Affleck Gray records two each-uisge tales relating to the River Spey in the Cairngorms. The An t-Each Ban was a white water-horse, which despite not being the usual black colour was otherwise "traditional", seeking out travellers on stormy nights in equine form, and leaping with its victims into deep pools. The yellow horse of the Spey was an even more unusual colour and its preferred victims were married couples. Gray also notes that highland each-uisges "appear to have been richly caparisoned", and that if a woman could get ahold of the rich bridles and replace it with a cow shackle then she would have power over the each-uisge for the rest of her life and that the bridle would bring her good fortune.

===Water horses and women===
The each-uisge also has a particular desire for human women. Campbell states that "any woman upon whom it set its mark was certain at last to become its victim." A young woman herding cattle encountered a water horse in the form of a handsome young man who laid his head in her lap and fell asleep. When he stretched himself she discovered that he had horse's hooves and quietly made her escape (in variations of the tale she finds the presence of water weeds or sand in his hair). In another account a water horse in human shape came to a woman's house where she was alone and attempted to court her, but all he got for his unwanted advances was boiling water hurled between his legs. He ran from the house roaring in pain. In a third tale a father and his three sons conspired to kill a water horse that came to the house to see the daughter. When they grabbed the young man he reverted to his equine form and would have carried them into the loch, but in the struggle they managed to slay him with their dirks. Despite its amorous tendencies, however, the each-uisge is just as likely to simply devour women in the same manner as its male victims.

===Maned man of Ireland===
The Irish beast-man with a horse-like mane, which stooped when walking, and could not surely demonstrate the ability to comprehend speech, was an item of Irish Mirabilia, discussed the Old Norse Konungs skuggsjá (Speculum Regale or "the King's Mirror", written in Norway about 1250) (Note: Abridgement of translation by Kuno Meyer: There also happens in this land.. men have caught in a wood a certain animal, of which no man could say whether it was a man or a beast, because men have not heard speech from it.. hair grew all over its body.. [and] a mane as on a horse, etc.–Speculum Regale, Chapter: Irish Mirabilia §13, tr. Meyer) Celticist Kuno Meyer thought this may have been a version of the "half-ox man" related by Giraldus (cf. Gir. II.21).
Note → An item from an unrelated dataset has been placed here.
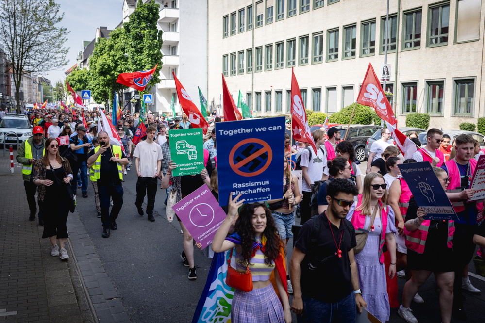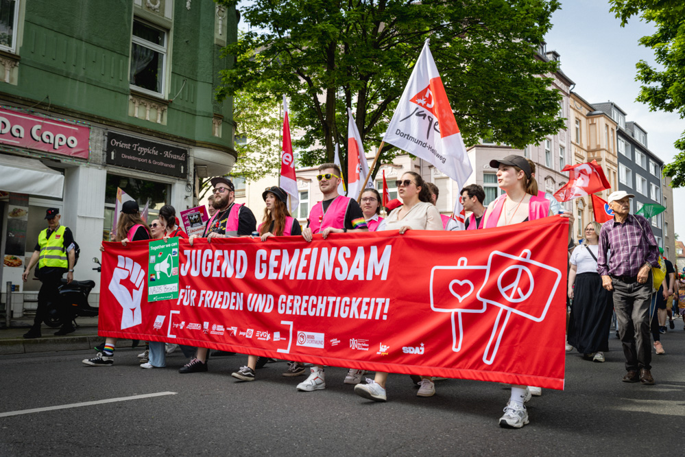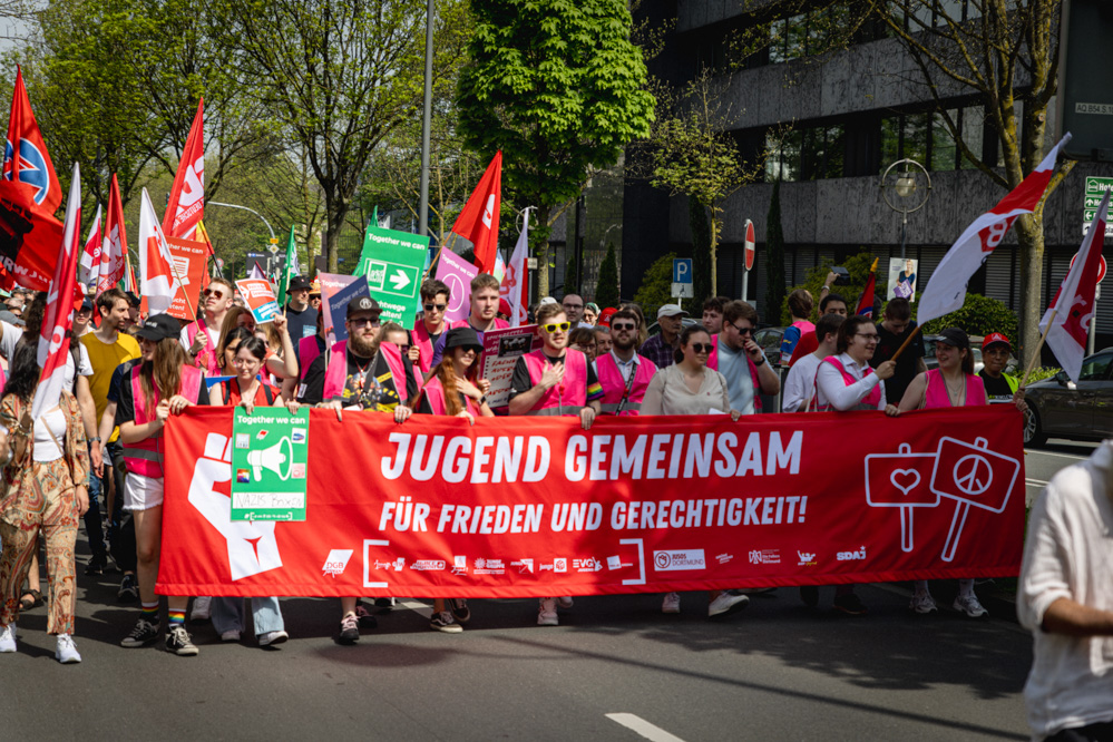 Der traditionelle Demonstrationszug des Deutschen Gewerkschaftsbundes zog friedlich durch die Dortmunder Innenstadt zum Westfalenpark und endete dort mit einem Familienfest. Besonders war in diesem Jahr, dass der „Jugendblock“ den Demonstrationszug anführte. Laut wurden dort besonders Forderungen nach sozialer Gerechtigkeit, Asylrecht und Widerstand gegen den Rechtsruck und die „Alternative für Deutschland“ (AfD).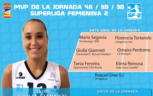 La central de Universitat D´Alacant Giulia Gianneti es la MVP de la pasada jornada en la Superliga Femenina 2. La central transalpina se erigió en la mejor bloqueadora del fin de semana para liderar el tercer triunfo del conjunto universitario y afianzar el liderato del grupo C. Gianneti sumó 21 puntos con 7 bloqueos y 4 saques directos para firmar la actuación más completa de la jornada.

William Sayers (1985) thought it may be connected to the Irish water horse (each uisge) despite lack of connection with water. (Note: Sayers in turn offers comparisons with the Germanic analogues, i.e. nix, English nicker, Swedish and hints at reminiscence to the "Wild Man of the Woods motif".)

==Variants==
The aughisky or Irish water horse is similar in many respects to the Scottish version. It sometimes comes out of the water to gallop on land and, despite the danger, if the aughisky can be caught and tamed then it will make the finest of steeds provided it is not allowed to glimpse the ocean.

The cabyll-ushtey (or cabbyl-ushtey), the Manx water horse, sometimes confused or conflated with the glashtyn, is just as ravenous as the each-uisge though there are not as many tales told about it. One of them recounts how a cabbyl-ushtey emerged from the Awin Dhoo (Black River) and devoured a farmer's cow, then later it took his teenaged daughter.